基本上,我想在给定元素实例的情况下找出源文档中某个 XML 元素源自的行。我希望这样做只是为了更好地诊断错误消息 - XML 是配置文件的一部分,如果它有问题,我希望能够将错误消息的阅读器指向 XML 文档中的正确位置这样他就可以纠正错误。

据我了解,标准 Scala XML 支持可能没有这样的内置功能。毕竟,用此类信息注释每个 NodeSeq 实例是很浪费的,而且并不是每个 XML 元素都有解析它的源文档。在我看来,标准的 Scala XML 解析器会丢弃行信息,并且以后无法检索它。

但切换到另一个 XML 框架并不是一个选择。 “仅”为了更好的诊断错误消息而添加另一个库依赖项对我来说似乎不合适。另外,尽管存在一些缺点,我还是非常喜欢对 XML 的内置模式匹配支持。

我唯一的希望是您可以向我展示一种方法来更改或子类化标准 Scala XML 解析器,以便它生成的节点将用源代码行号进行注释。也许可以为此创建一个特殊的 NodeSeq 子类。或者也许只有 Atom 可以被子类化,因为 NodeSeq 太动态了?我不知道。

无论如何,我的希望几乎为零。我认为解析器中没有一个地方可以让我们挂钩来更改节点的创建方式,并且在那个地方可以使用行信息。不过,我想知道为什么我以前没有发现这个问题。如果这是重复的,请指出原件。

I assume that there is probably no satisfactory answer to this question, but I ask it anyway in case I missed something.

Basically, I want to find out the line in the source document from which a certain XML element originated, given the element instance. I want this only for better diagnostic error messages - the XML is part of a configuration file, and if there is something wrong with it, I want to be able to point the reader of the error message to exactly the right place in the XML document so he can correct the error.

I understand that the standard Scala XML support probably has no built-in feature like this. After all, it would be wasteful to annotate every single NodeSeq instance with such information, and not every XML element even has a source document from which it has been parsed.
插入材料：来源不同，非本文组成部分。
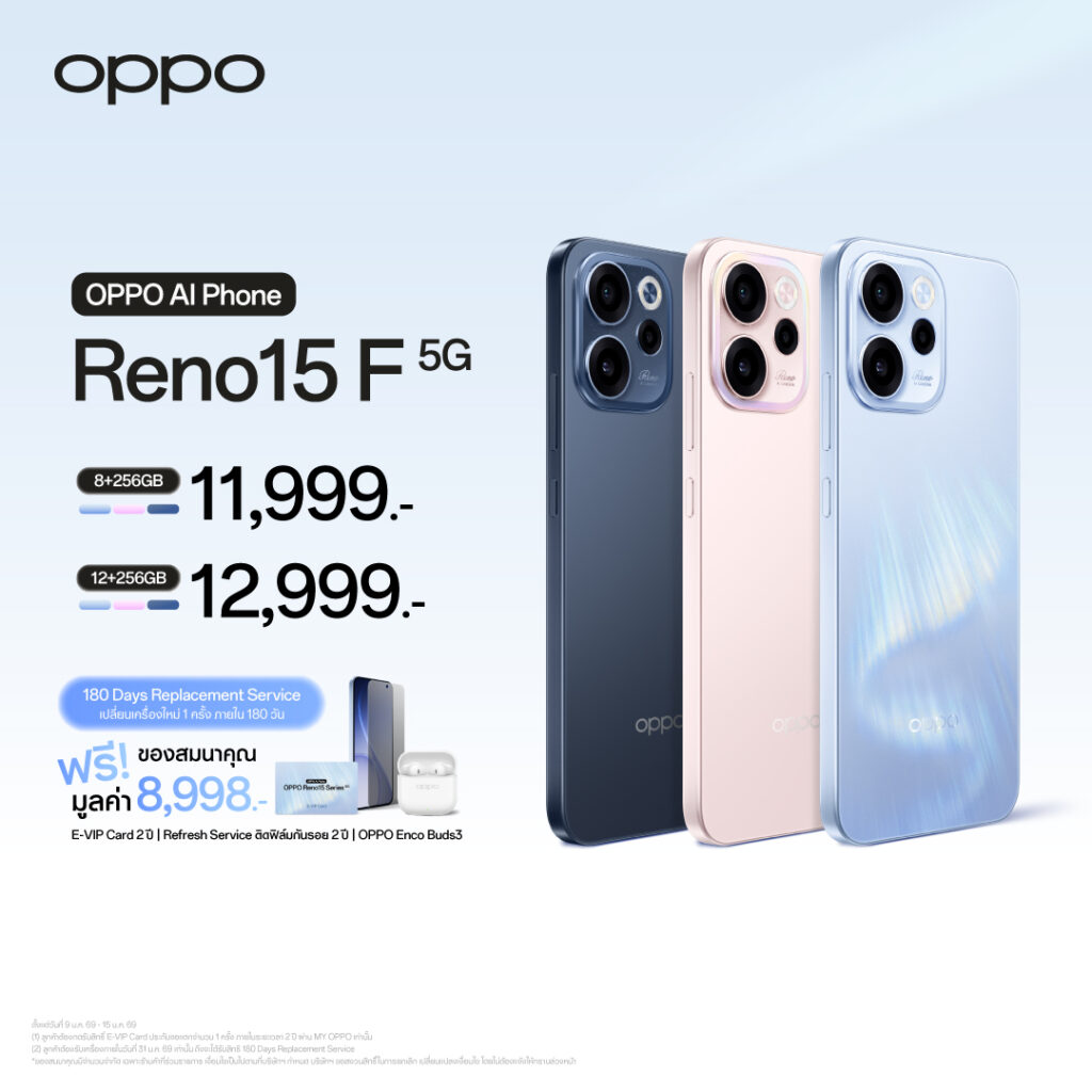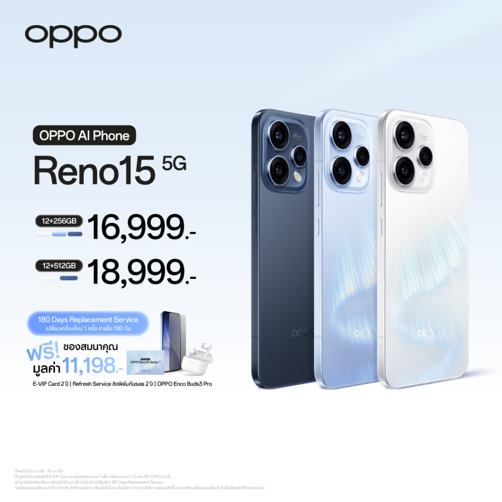 สำหรับ OPPO Reno15 Series 5G วางจำหน่ายในราคา ดังนี้

It seems to me that the standard Scala XML parser throws the line information away, and later on there is no way to retrieve it.
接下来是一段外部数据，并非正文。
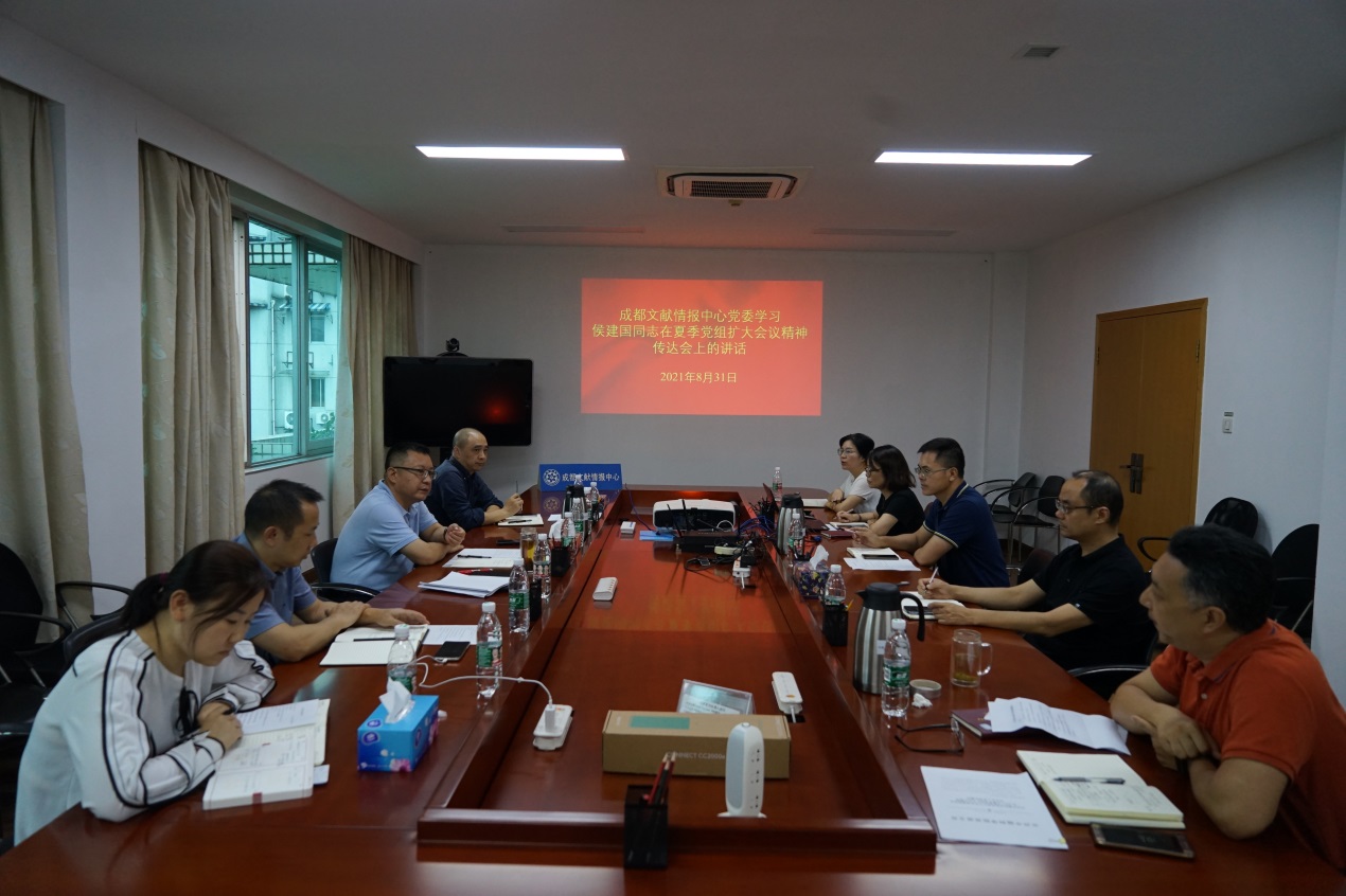 8月31日,成都文献情报中心召开党委会议,深入学习中科院院长、党组书记侯建国在2021年夏季党组扩大会议精神传达会上讲话,研究落实会议精神的工作思路和举措。
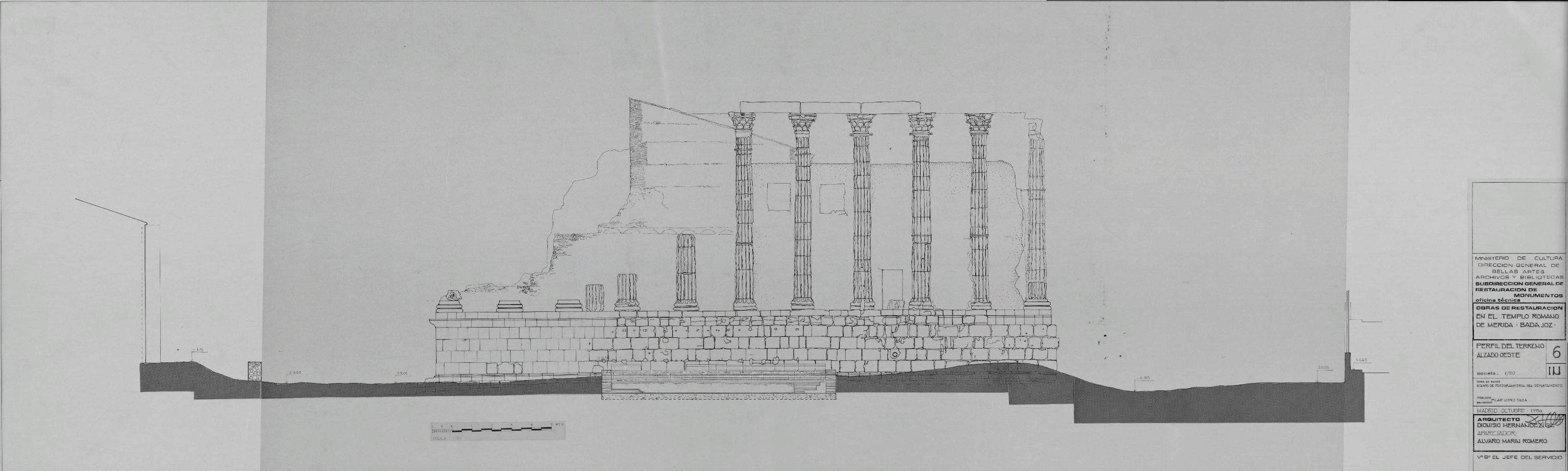 TEMPLO ROMANO DE MERIDA: PUPIL DEL TERRENO. ALZADO OESTE.
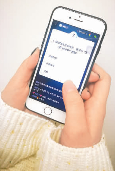 “人民日?qǐng)?bào)海外版?zhèn)b客島的作者一般自稱為島叔和什么?”“當(dāng)然是島妹??!”伴隨著手機(jī)屏幕上緊張的10秒倒計(jì)時(shí),武漢的蔡家欣迅速地點(diǎn)擊了正確答案。她的微信群里,一起答題的小伙伴們都在一邊緊張地答題,一邊熱烈地討論著。

But switching to another XML framework is not an option. Adding another library dependency "only" for the sake of better diagnostic error messages seems inappropriate to me. Also, despite some shortcomings, I really like the built-in pattern matching support for XML.

My only hope is that you can show me a way to alter or subclass the standard Scala XML parser such that the nodes it produces will be annotated with the number of the source line. Maybe a special subclass of NodeSeq can be created for this. Or maybe only Atom can be subclassed because NodeSeq is too dynamic? I don't know.
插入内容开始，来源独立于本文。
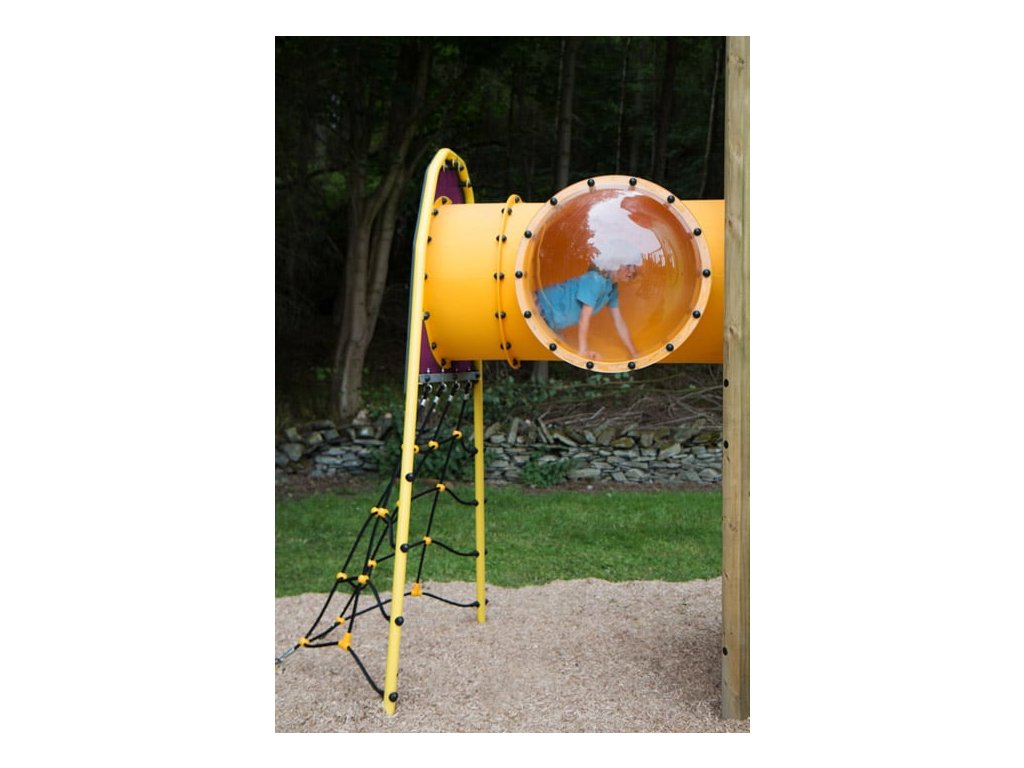 Na podestu věže 110 x 110 cm se dítě dostane několika cestami - po lezecké stěně, šplhem po laně nebo po síti a tunelem s bublinou. Dolů se sklouzne po otevřené nebo uzavřené, laminátové nebo ocelové skluzavce dlouhé 150 cm.
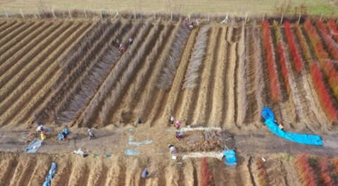 Bursa'nın İnegöl İlçesinde, 9 ülkeye ihraç edilen fidan ve çöğür hasadı yapılıyor.
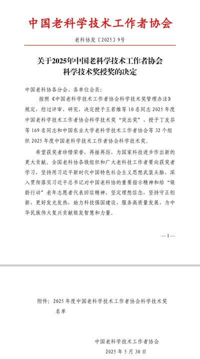 日前,中國(guó)老科協(xié)發(fā)出授獎(jiǎng)決定,授予10 名同志 2025 年度中國(guó)老科學(xué)技術(shù)工作者協(xié)會(huì)科學(xué)技術(shù)獎(jiǎng)“突出獎(jiǎng)”、169 名同志和32個(gè)組織2025 年度中國(guó)老科學(xué)技術(shù)工作者協(xié)會(huì)科學(xué)技術(shù)獎(jiǎng)。合江縣老科協(xié)會(huì)長(zhǎng)張發(fā)遠(yuǎn)榜上有名,位居科學(xué)技術(shù)獎(jiǎng)之列。

Anyway, my hopes are close to zero. I don't think there is a place in the parser where we can hook in to change the way nodes are created, and that at that place the line information is available. Still, I wonder why I have not found this question before. Please point me to the original if this is a duplicate.

如果你对这篇内容有疑问,欢迎到本站社区发帖提问 参与讨论,获取更多帮助,或者扫码二维码加入 Web 技术交流群。

扫码二维码加入Web技术交流群

发布评论

需要 登录 才能够评论, 你可以免费 注册 一个本站的账号。

评论(4

黯淡〆 2024-10-14 19:47:55

我不知道该怎么做,但是 Pangea 为我指明了方向。首先,让我们创建一个处理位置的特征:

import org.xml.sax.{helpers, Locator, SAXParseException}
trait WithLocation extends helpers.DefaultHandler {
    var locator: org.xml.sax.Locator = _
    def printLocation(msg: String) {
        println("%s at line %d, column %d" format (msg, locator.getLineNumber, locator.getColumnNumber))
    }

    // Get location
    abstract override def setDocumentLocator(locator: Locator) {
        this.locator = locator
        super.setDocumentLocator(locator)
    }

    // Display location messages
    abstract override def warning(e: SAXParseException) {
        printLocation("warning")
        super.warning(e)
    }
    abstract override def error(e: SAXParseException) {
        printLocation("error")
        super.error(e)
    }
    abstract override def fatalError(e: SAXParseException) {
        printLocation("fatal error")
        super.fatalError(e)
    }
}

接下来,让我们创建我们自己的加载器,覆盖 XMLLoaderadapter 以包含我们的特征:

import scala.xml.{factory, parsing, Elem}
object MyLoader extends factory.XMLLoader[Elem] {
    override def adapter = new parsing.NoBindingFactoryAdapter with WithLocation
}

这就是全部!对象 XML 几乎没有为 XMLLoader 添加任何内容——基本上是 save 方法。如果您觉得需要完全替换,您可能需要查看其源代码。但这只是当您想自己处理所有这些时,因为 Scala 已经具有产生错误的特征:

object MyLoader extends factory.XMLLoader[Elem] {
    override def adapter = new parsing.NoBindingFactoryAdapter with parsing.ConsoleErrorHandler
}

顺便说一句,ConsoleErrorHandler 特征从异常中提取其行和数字信息。出于我们的目的,我们也需要异常之外的位置(我假设)。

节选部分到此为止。